Trains on the Sishen-Saldanha line are among the heaviest in the world – the line having been designed for 200-wagon trains more than two kilometres in length and with a mass of 16,000 tonnes. The 82 bridges along the Saldanha railway are constructed for this enormous mass, with curvature designed not to impede the momentum of the train. As the line is fully dedicated, with very little other traffic using any section, operational procedures are made simpler.
None of the above applies to the existing railway between Sishen and Port Elizabeth. The majority of this line was built for a more conventional type of traffic and handles between one and two million tonnes of manganese ore annually in addition to other general traffic. There have been suggestions that road transport might be an option for iron ore exports to Coega/Ngqura, raising further questions concerning the cost of maintaining an adequate road system.
At what cost?
According to a fact sheet issued by the National Ports Authority a total of R3.2 Billion is being invested in the port of Ngqura. Electricity supply company Eskom signed an agreement (with aluminium producer Pechiney who now may not come to the Eastern Cape) to provide electricity for the aluminium smelter project at a cost of R2 Billion. According to the CDC the Eastern Cape government allocated close to R300 million at the end of 2002 for the infrastructure in the metallurgical sector where the smelter would be sited.
An entire town has been built to house the workers at the industrial development zone, which mostly stand empty today waiting for development and occupants. Extensive road and rail works are underway.
The cost of building the smelter has been estimated at R2.2 Billion, of which Pechiney would have provided between 35% and 45% of the investment, with the balance coming from other investors including the Industrial Development Corporation – another government parastatal.
At the ‘opening’ of the tidal basin Erwin stated there was no longer an emphasis on finding an anchor tenant for the port. He said a smelter would be built, with or without Alcan/Pechiney, but that less sophisticated AP35 technology would be used and not the AP50 as intended by Pechiney.
“There will be a smelter in the IDZ, of that we’re clear although we still have to clinch the matter. I’m confident there will be a smelter.”
Erwin added that government was coordinating the reconstruction of the railway line to handle iron ore and manganese and said his department would appoint someone to coordinate development between Coega and Port Elizabeth.
The former minister of public enterprises (and now the minister of transport) Jeff Radebe said last year at a briefing to a joint parliamentary committee that ‘the Coega project was a clear example of how all state-owned enterprises such as Transnet and its subsidiaries and Eskom were being required to align their programmes with government’s integrated development programmes.

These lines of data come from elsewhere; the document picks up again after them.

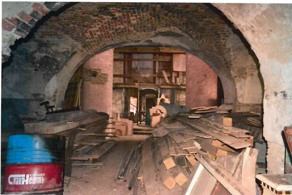
Фото 9. Интерьер Никольской церкви. Вид на алтарь с запада.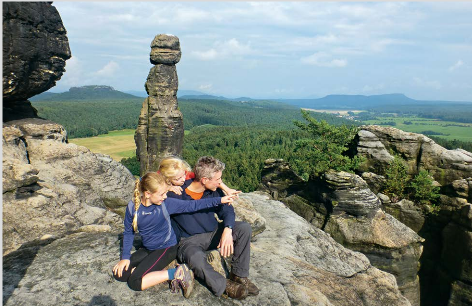
Die Barbarine ist als Wahrzeichen der Sächsischen Schweiz immer einen Besuch wert.

tern gesperrt. Nach mehreren Blitzeinschlägen drohte der Gipfelkopf zu zerbersten, daher erhielt die »Barbarine« eine graue Schutzkappe und eine Halskrause aus Beton, damit wir uns noch lange an ihr erfreuen können. Zurück auf der großen Felsterrasse bietet sich nun endlich ein größeres Picknick an. Kleinere Felsblöcke laden die Kinder zu einer Klettereinlage ein. Nach der Rast wandern wir auf demselben Weg zurück bis zur Berggaststätte Pfaffenstein (5) . Hier steigen wir links den »Klamm-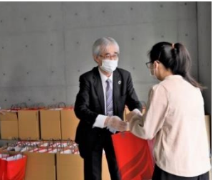
（食支援プロジェクト配布当日の様子）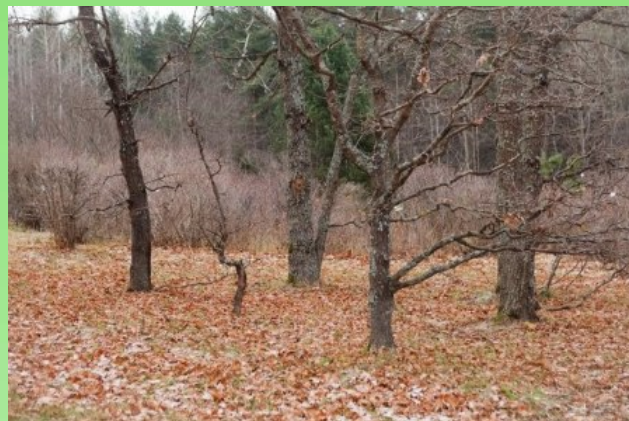
Рис. 17. Групповой метод посадки.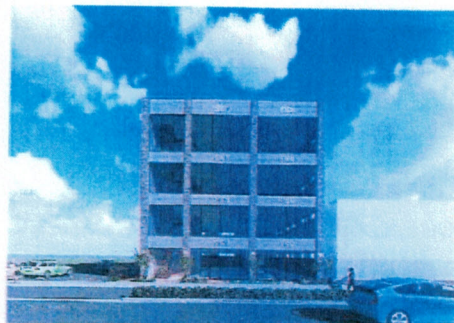
建物イメージバス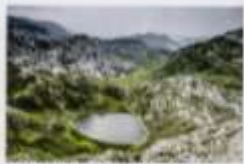
POGLED NA JEZERO MARIVO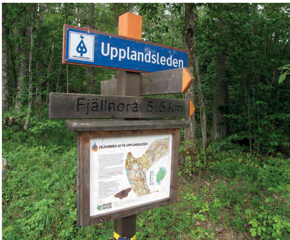
Obemannad naturvägledning kan till exempel vara skyltning och information på plats om ett naturområde.

Syftet var att i första hand fokusera på den typ bemannad och obemannad naturvägledning som sker på plats (t ex naturguidning, natur- och kulturstigar, skyltning) eller i nära anslutning till ett natur- eller kulturlandskap (t ex naturum, ekomuseer 2 , utställningar), med uttalat syfte att berätta om sambanden mellan människa och natur. Här har jag alltså försökt att göra en avgränsning och endast undantagsvis inkluderat naturvägledning via böcker & skrifter, film, webb m fl medier.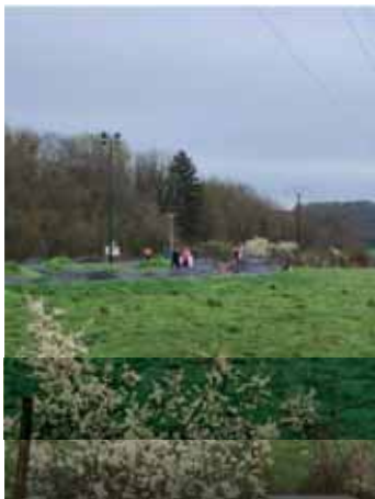
Chasse aux oeufs à Pâques

Pour 2025, l'association souhaite poursuivre dans cette voie. Nous comptons sur vous pour continuer de nous soutenir et de participer à la vie du village. Pour cela, il vous suffit de vous inscrire aux diverses activités proposées que vous trouverez sur le site de la mairie de la mairie et sur Facebook.

Transnet, he stated, would not have built the port of Ngqura “if the government had not insisted on state-owned enterprises conforming to the agenda of government.”’ – Coega News, December 2003.

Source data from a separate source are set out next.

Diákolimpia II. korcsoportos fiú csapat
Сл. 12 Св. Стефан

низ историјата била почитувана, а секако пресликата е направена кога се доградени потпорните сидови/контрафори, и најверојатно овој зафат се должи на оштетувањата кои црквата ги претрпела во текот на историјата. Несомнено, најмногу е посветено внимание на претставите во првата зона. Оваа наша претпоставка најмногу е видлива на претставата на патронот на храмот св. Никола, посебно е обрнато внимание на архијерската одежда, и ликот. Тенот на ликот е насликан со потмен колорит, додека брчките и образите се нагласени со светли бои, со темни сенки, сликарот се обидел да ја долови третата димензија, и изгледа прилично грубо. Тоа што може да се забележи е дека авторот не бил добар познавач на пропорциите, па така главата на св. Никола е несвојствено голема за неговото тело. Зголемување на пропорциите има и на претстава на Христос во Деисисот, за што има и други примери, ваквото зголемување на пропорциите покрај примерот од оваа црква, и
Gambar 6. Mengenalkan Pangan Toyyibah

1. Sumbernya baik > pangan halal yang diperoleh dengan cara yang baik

The port of Ngqura is the biggest government-sponsored infrastructure development in South Africa. The project aims at boosting economic growth in the Eastern Cape and, with the proximity of the port to the industrial development zone, will put manufacturers located in the zone in a more competitive position, it is hoped.
Recently a number of executives of the Coega Development Corporation left the company with no explanation made public, among them the chief executive officer.

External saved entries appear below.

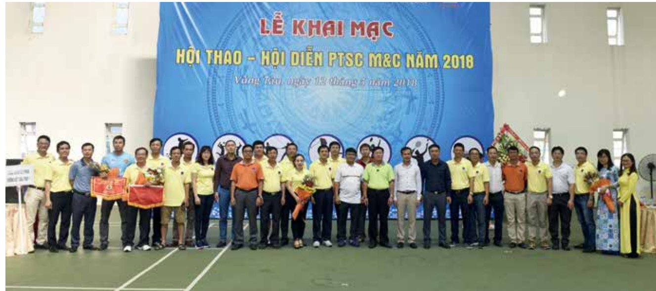
Ban lãnh đạo chụp hình lưu niệm cùng các VĐV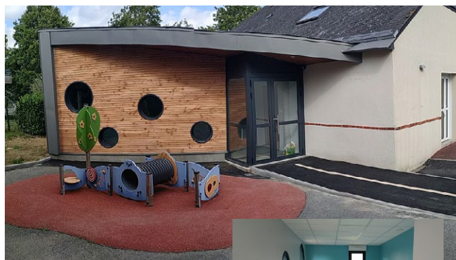
Une nouvelle entrée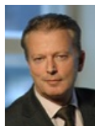
Dr. Reinhold Mitterlehner Bundesminister für Wirtschaft, Familie und Jugend Bis zu einer Änderung des Bundesministeriengesetzes mit der Leitung des Bundesministeriums für Wissenschaft und Forschung betraut Lebenslauf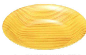
⑯ 7寸羽反丸そば皿 白木(ミニそば用) S-8-18 [A] 本体 ¥1,100 (21.4φ×4) 横80 S-7-25A [B] 竹ス(15φ) 1枚 ¥400 (15φ)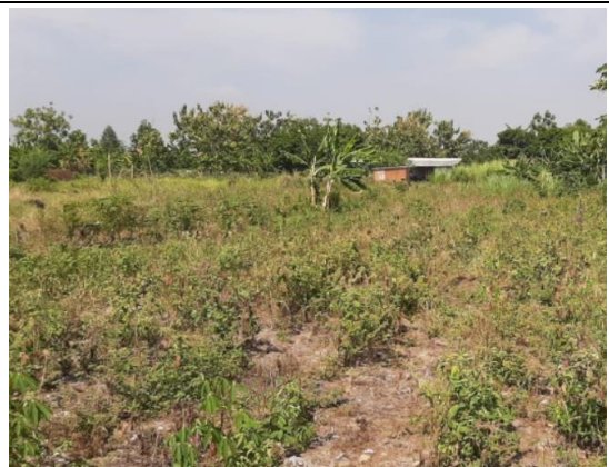
Lahan Kampus ITS yang digunakan untuk pertanian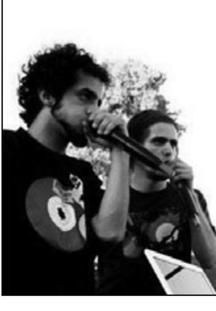
فرقة رام الله أندراوند الفلسطينية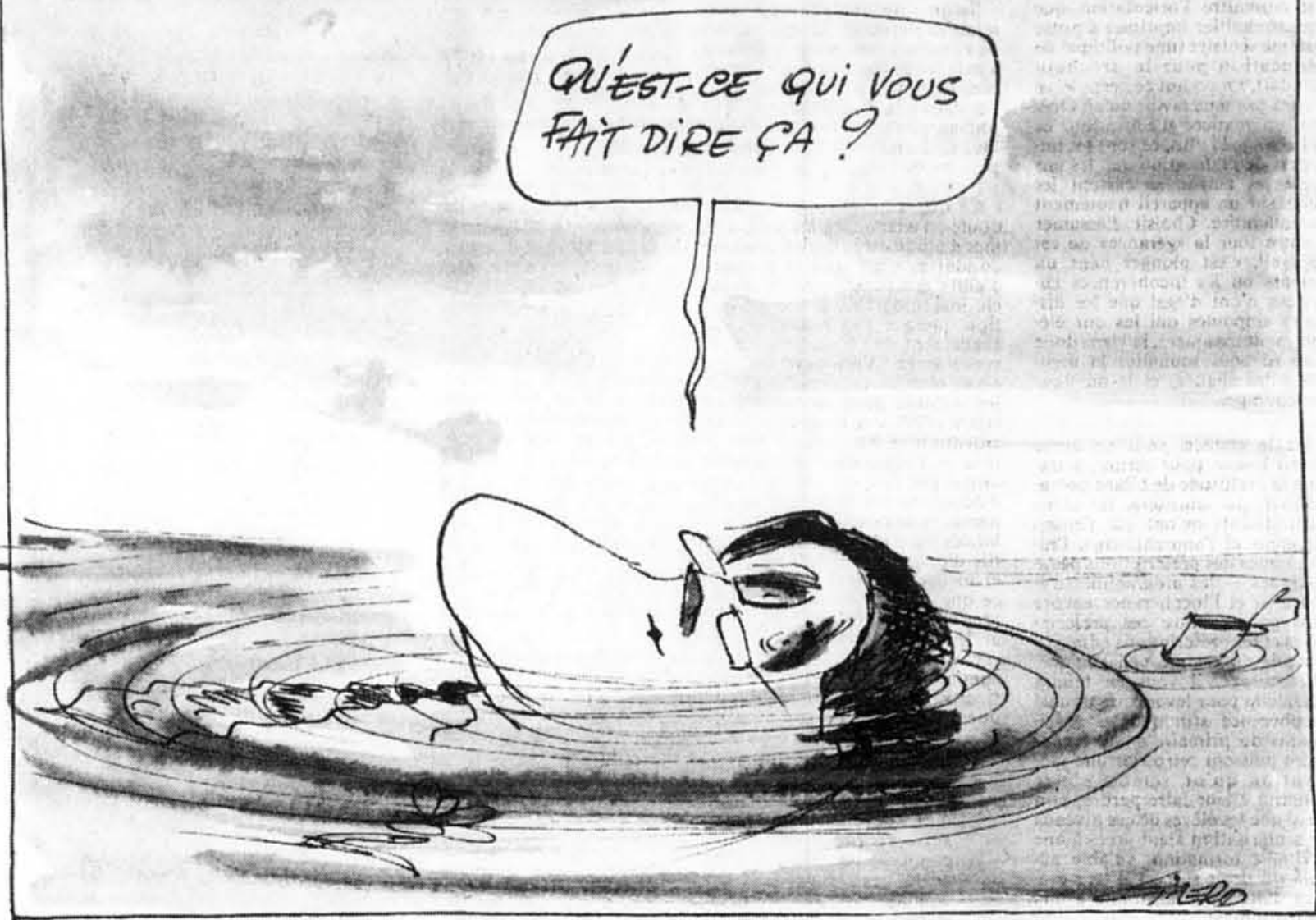
(Tous droits réservés)

On 30 June 2004 the acting CEO of the CDC, Khwezi Tiya said it was important to realise that Coega is bigger than any single investor. “In the first phase we have over 6,000 ha of land ready for development. Global competition for the kind of investment we want is tough, but we believe that Coega has a number of unique strengths, including the deepwater port of Ngqura. Now, when we take potential investors out on site, we will show them a harbour rather than earth-works.”